Signs that your puppy needs to go:

  • Circling, with their nose on the ground, sniffing in a 360-degree circle

  • Pacing, especially near a door or in the far corner of a room

  • Whining

  • Scratching at the door or pawing at the floor

Watch your puppy carefully and learn their personal tell-tale signs. You want to become an expert at reading your puppy’s body language. If you see your puppy squatting in the wrong spot – run over, grab puppy, jog to the right spot and pop them down. Then when they go in the right spot, give lots and lots of praise.

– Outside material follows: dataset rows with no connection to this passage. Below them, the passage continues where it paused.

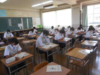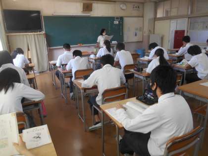 戦前の甲子園のグラウンドキーパーの方の話をもとに、生きるということについて考える授業でした。今の道徳は、先生が答えを用意するのではなく、生徒が教材文から感じたことを教室内で出し合うことで自分の人生が広がるように考えていきます。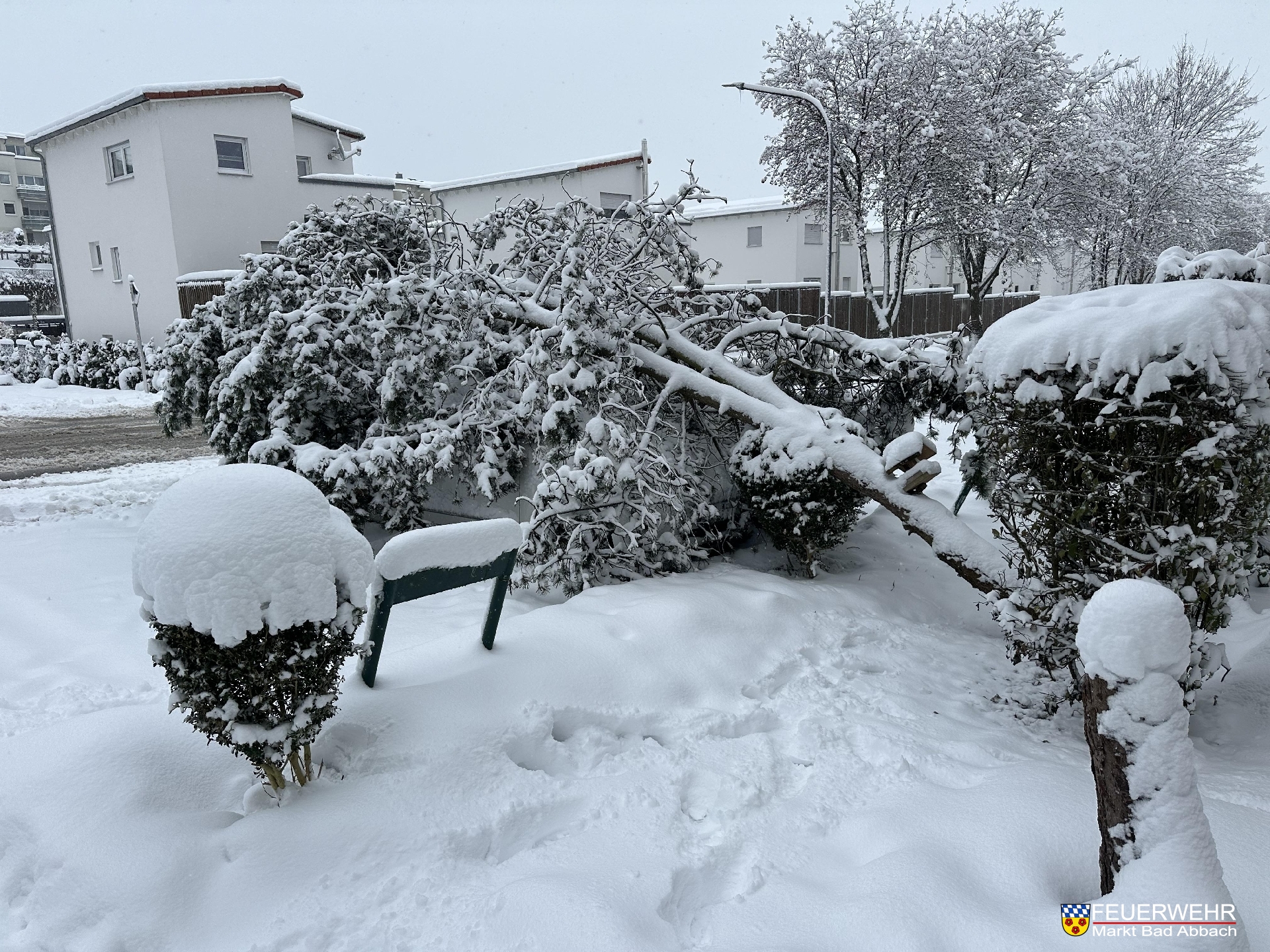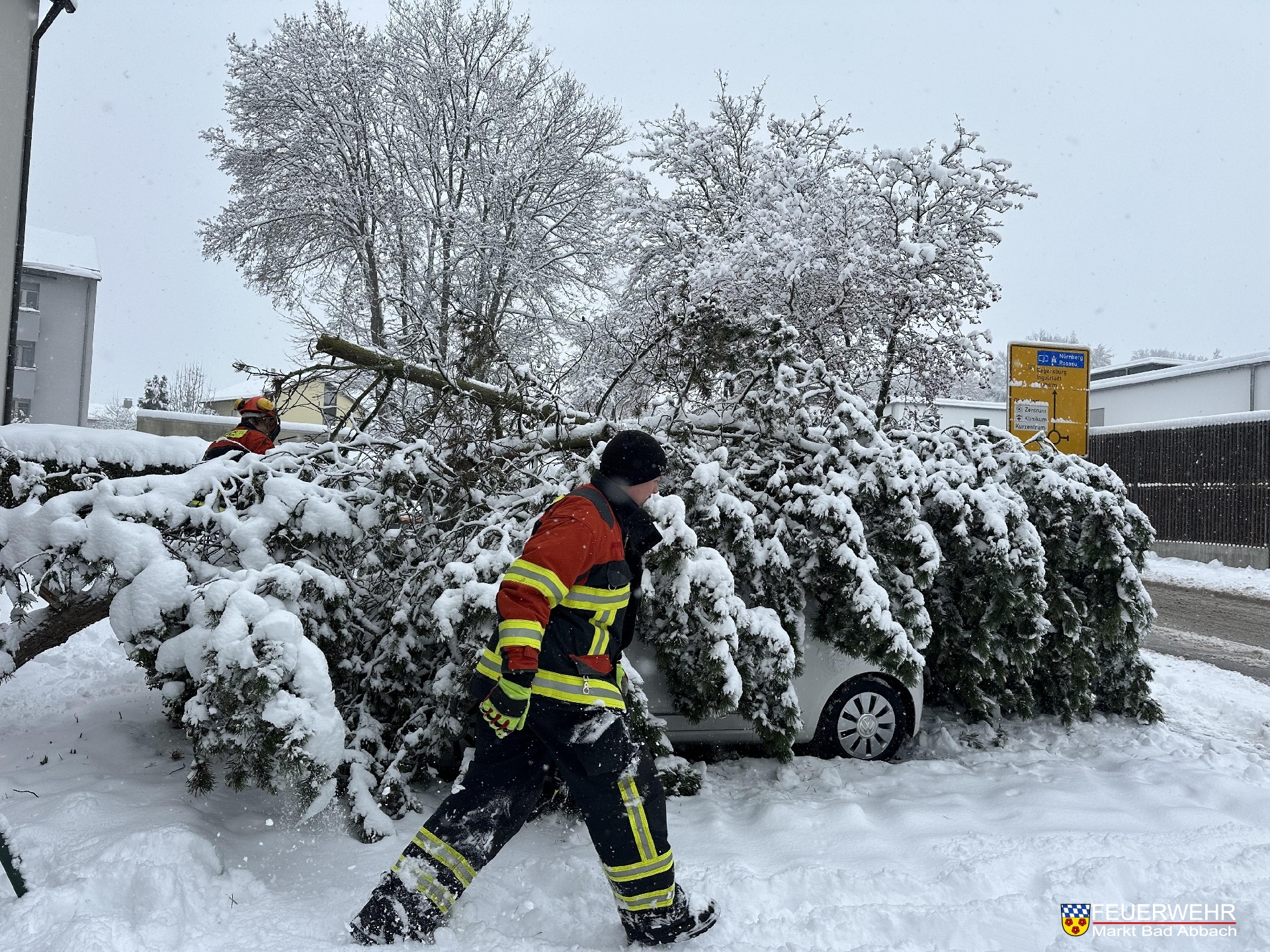 Ein Baum fiel durch Schneebruch auf ein parkendes Auto, dieser wurde mittels Motorsäge entfernt.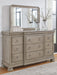 | Details | Includes dresser and mirror, Made with hardwood solids, birch veneer and MDF substrate, Light gray finish enhances the natural wood grain, Ring pull hardware, 9 drawers with fully finished interiors, dovetail construction and ball-bearing side glides, Jewelry drawer conveniently located in the center valance, Mirror attaches to back of dresser | |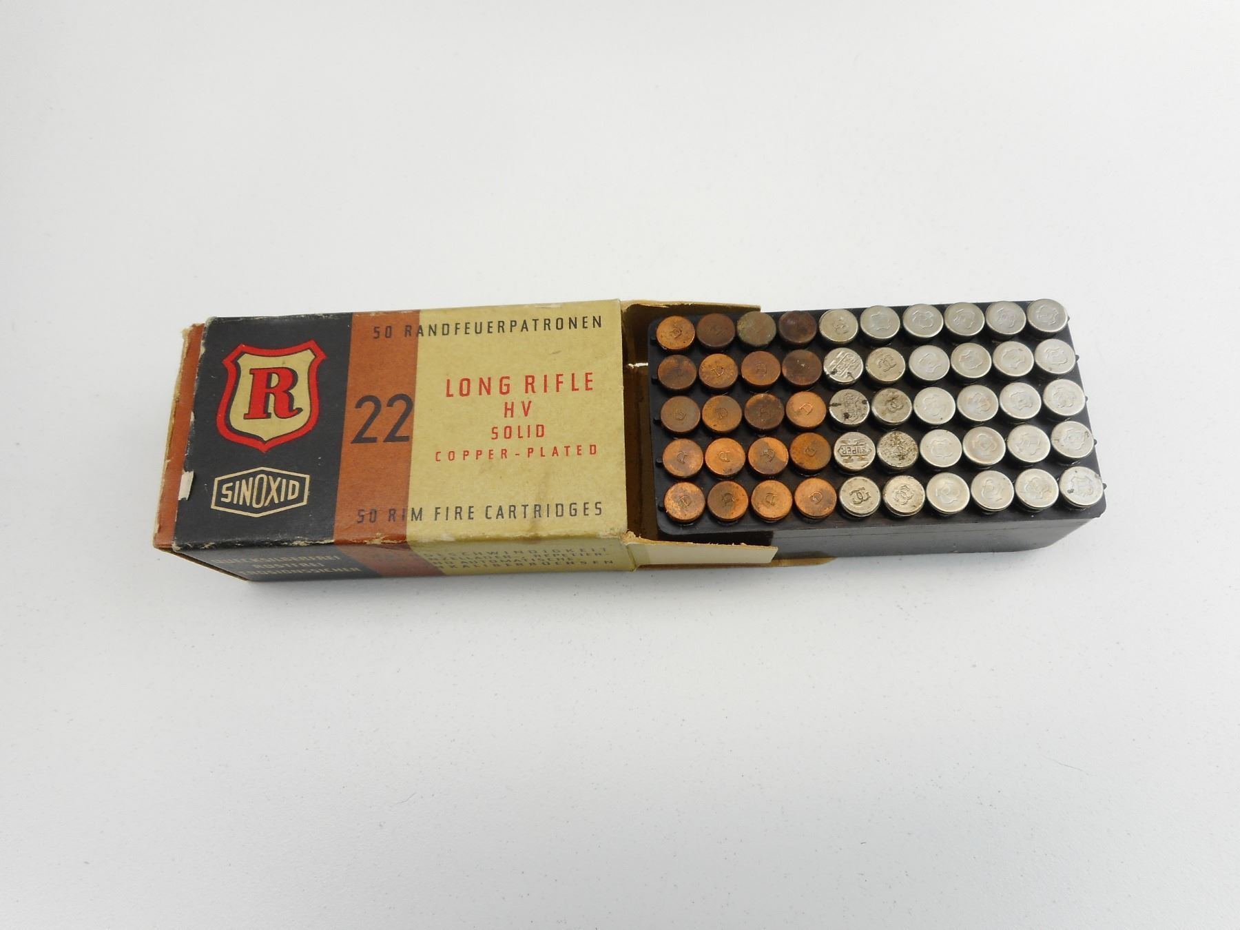 .22 LR AMMO , 50 RNDS .22 LR AMMO IN VINTAGE SINOXID BOX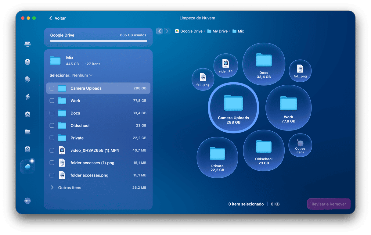 Se você usa o iCloud, Google Drive ou OneDrive, pode mantê-los sem acúmulos, visando sempre ter espaço para arquivos importantes. Para fazer isso com um clique, conecte a conta de nuvem ao recurso Limpeza de Nuvem do CleanMyMac. Depois disso, basta fazer uma análise para ver o que está consumindo o espaço e recuperá-lo em minutos.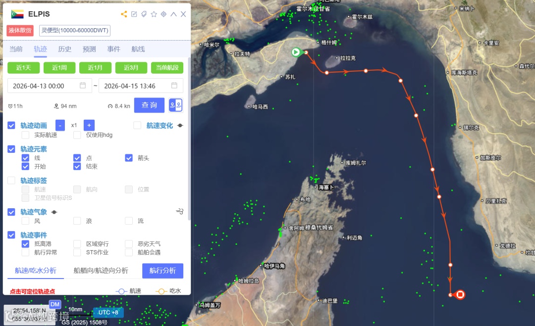 ▲“Elpis”轮航行轨迹,图源:船视宝
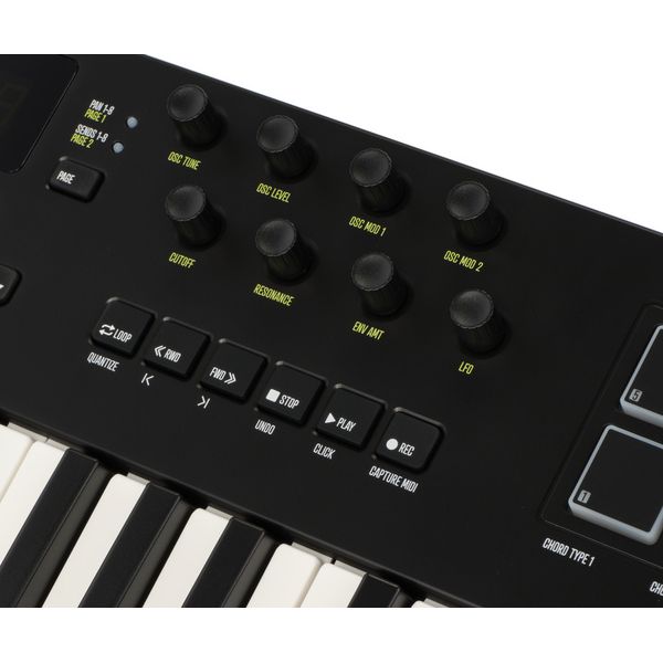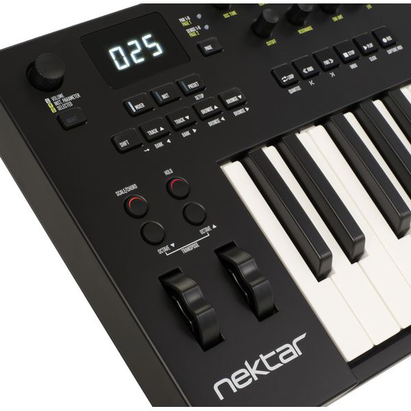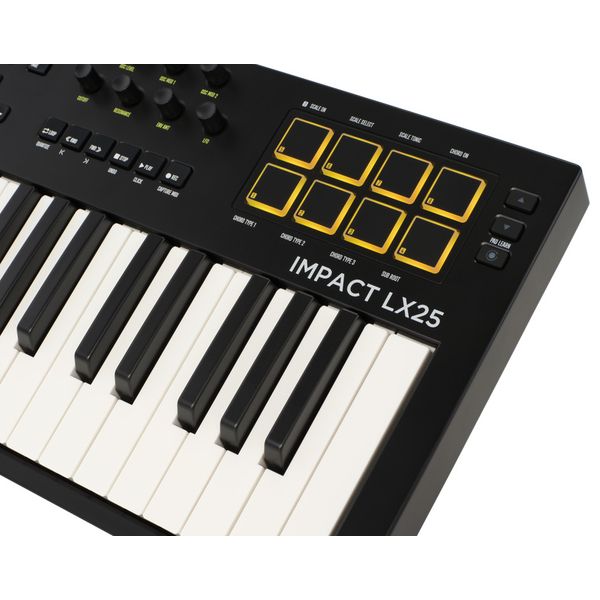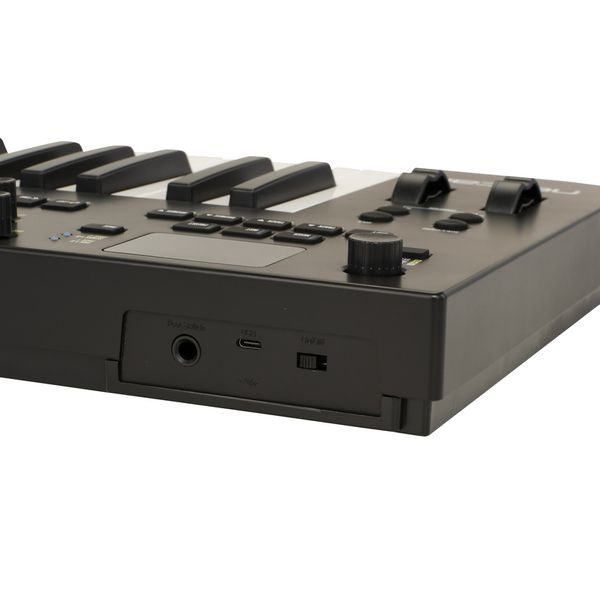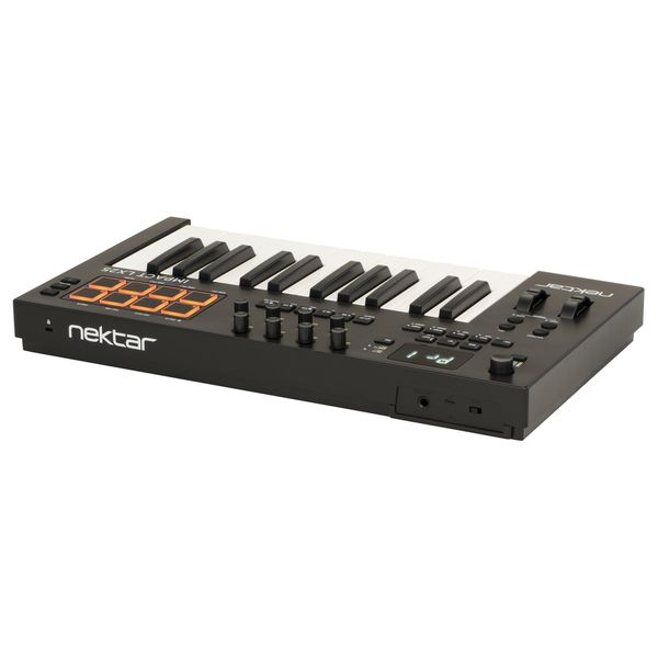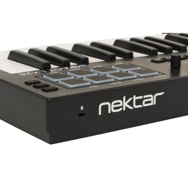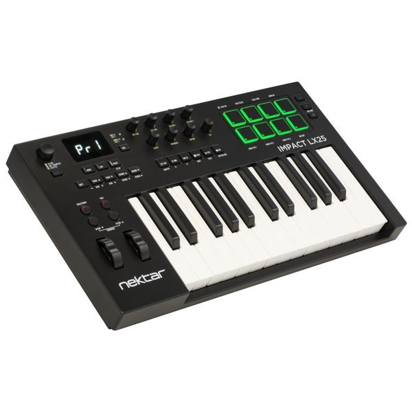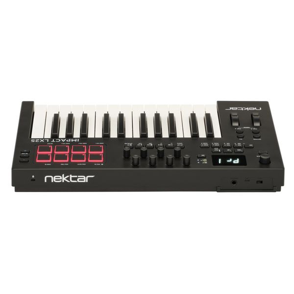 Nektar Impact LX25 MK3 — компактный и функциональный MIDI-контроллер с 25 клавишами, ориентированный на продюсеров, работающих в DAW-среде. Контроллер отличается обновлённым Feel-keyboard без взвешивания, двухколёсным контролем – Pitch Bend и Modulation, и расширенным контролем через 8 энкодеров, 8 velocity-чувствительных LED-пэдов, большие encoder-колёса и кнопки транспорта. В комплект входят функции Scale, Chord и Hold, что позволяет быстро адаптироваться к музыкальным идеям, а интеграция с DAW от Nektar и поддержка NKS позволяют использовать более 2000 совместимых плагинов. Контроллер питается через USB-C, есть вход для педали (sustain), предусмотрена поддержка сотовых переходников (USB-C ↔ USB-A), набор программного обеспечения для старта: Bitwig Studio 8-Track, Komplete Select 15 и синт-плагин MOK Miniraze. Устройство сочетает в себе портативность и достаточное число элементов управления, чтобы быть удобным в студии и на сцене.

  • Take the puppy to their correct toilet location every 30 minutes for the first few days. Also take them after anything exciting has happened, such as a play session or new people arriving. Also take them straight after any meal, any time you have seen the puppy drink water, and after they have woken up from a nap.

  • Every time the puppy toilets in the right spot, reward them by giving praise, a quick game with a toy, or a food treat. We want puppy to learn that toileting in the right spot is the best! It gets them fun rewards! If they go in the wrong spot, we ignore it and don’t give a reward.

  • Never punish the puppy for accidents. If they have made a mistake, it is not their fault. It means you failed to notice the signs and get them to their spot quickly enough, or you have not been clear enough yet in helping the puppy learn where they are meant to go. The concept of ‘rubbing a puppy’s nose in it’ does not work, please don’t try this. All it does is confuse your puppy and damage your relationship with them. No puppy goes in the wrong location out of spite or to be disobedient, they do it because they didn’t know there was a correct spot or couldn’t get there!

  • If an accident occurs: ignore it, collect any poo and put it on the right location for a few minutes to ‘scent’ that spot, and clean the incorrect spot thoroughly with an enzymatic cleaner. If the puppy can smell any remnants of droppings they might go here again, remembering that they tried it last time.

  • Remember – take puppy out to their toilet spot:

- First thing after they wake up

- After eating or drinking

- After walking or playing

- After a visitor arrives

- After an unexpected excitement

- Last thing at night before bed

- Overnight - if the puppy is crying and whining to be let out,

they probably need to go - look for the signs


Every puppy will learn at their own pace – some will be flawless within a week or so, others might take longer, especially if you don’t have a traditional garden set-up and the puppy has to use an indoor toilet location. Be persistent and keep consistent and you will get there in the end!


Excitement Urination

Some puppies will urinate a little when they get too excited, such as when they greet a new person, try a new exciting game, or when you arrive home after being away. This is a normal behaviour and usually disappears with age as their sphincter muscles get stronger. Never punish this behaviour, just learn from it and have visitors greet the puppy outside instead!


Submissive Urination

Some puppies will urinate a little when they get scared by something - usually an interaction with a big boisterous dog or a human. If your puppy does this, help them gain confidence by altering your body language to be less threatening. Crouch down to say hi, offer a hand out for the puppy to sniff from a distance, try not to lean over the puppy’s head. As the puppy gets older and develops more confidence, this problem usually resolves.